The Wall Street Journal
McCain Tax Cuts Would Bloat Deficit Or Take Huge Spending Curbs
By LAURA MECKLER
April 22, 2008; Page A6
Sen. John McCain is proposing tax cuts that would either cause the federal deficit to explode or would require unprecedented spending cuts equal to one-third of federal spending on domestic programs. Once thought of as a deficit hawk, the near-certain Republican presidential nominee is now putting more stress on the traditional Republican orthodoxy of tax cuts. Altogether, he proposes more than $650 billion in tax cuts a year, much of it benefiting corporations and upper-income families. That includes the cost of extending tax cuts implemented under President Bush that he voted against twice.

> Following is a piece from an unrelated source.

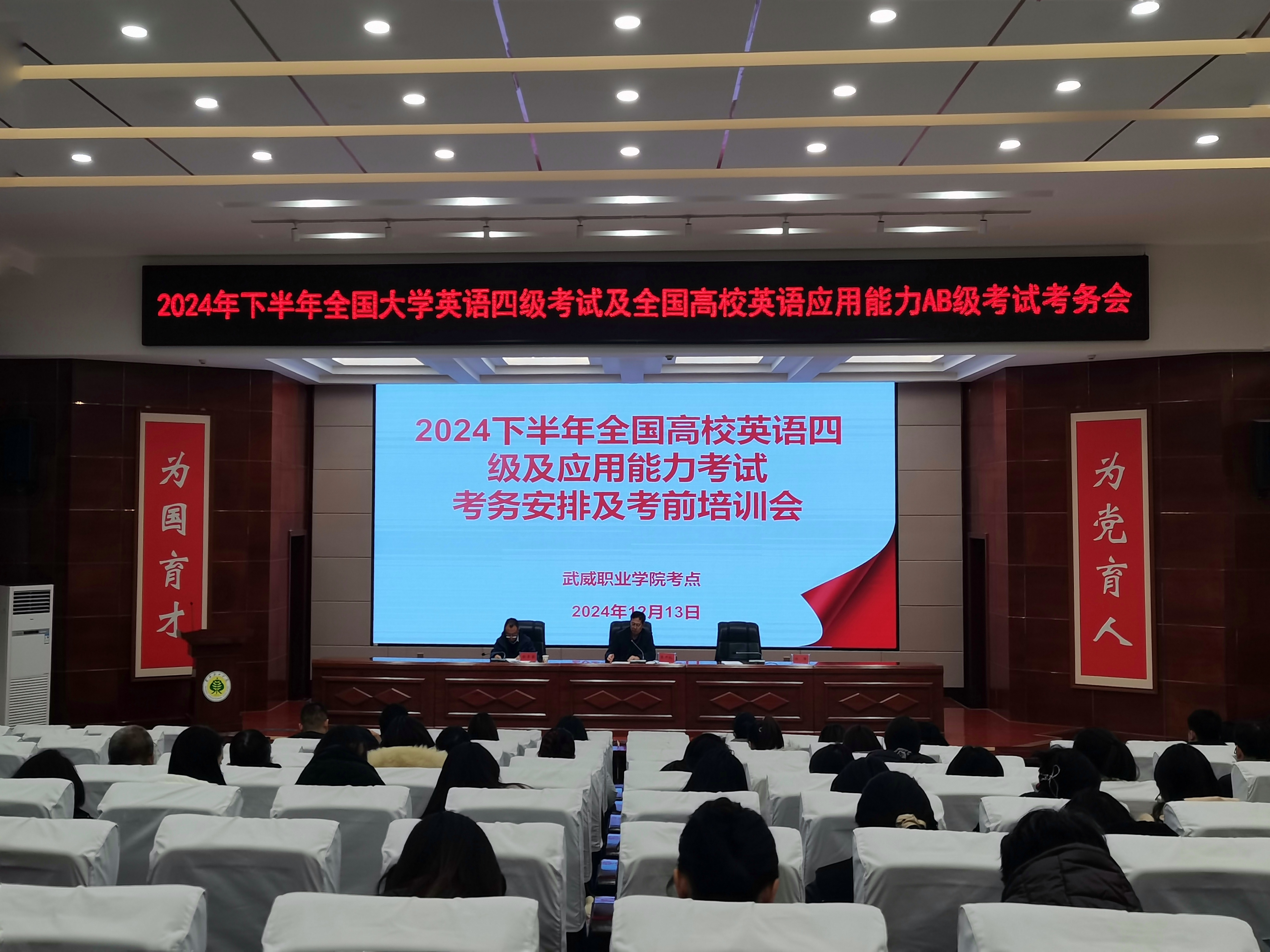 12月13日下午,在菁英廳召開了全國(guó)大學(xué)生英語(yǔ)四級(jí)暨全國(guó)高校英語(yǔ)應(yīng)用能力AB級(jí)考試的考務(wù)安排及考前培訓(xùn)會(huì)議。會(huì)上,黨委副書記、副校長(zhǎng)張開禮強(qiáng)調(diào)了考試紀(jì)律的重要性,要求所有監(jiān)考人員和考生嚴(yán)格遵守考試規(guī)定,確??荚嚨墓?、公正和順利進(jìn)行。培訓(xùn)考試中心主任顏魯薪就考試的各項(xiàng)具體事宜進(jìn)行了詳細(xì)安排,包括考試流程、考場(chǎng)布置、試卷分發(fā)與回收等環(huán)節(jié),確??荚嚬ぷ鞯挠行蜻M(jìn)行。

To help pay for it all, the Arizona senator says he would cut $160 billion a year from a federal discretionary budget that totals a little more than $1 trillion. He hasn't specified where the cuts would come from. With military spending -- about half the total -- likely to rise or perhaps stay even, most if not all of the cuts would have to come from domestic programs. The discretionary budget, which excludes entitlements such as Medicare or Social Security, covers areas such as medical research, federal prisons, border security, student loans, food inspections and much else. The $160 billion figure is equal to the total budget in 2007 for the departments of Education, Energy, Homeland Security, Justice and State. The chances of cuts of this magnitude are "nonexistent," said Robert Bixby, executive director of the Concord Coalition, a nonpartisan group that promotes fiscal discipline. "There's not a consensus to cut back on the functions of government that much," he said. "Those are very, very deep cuts."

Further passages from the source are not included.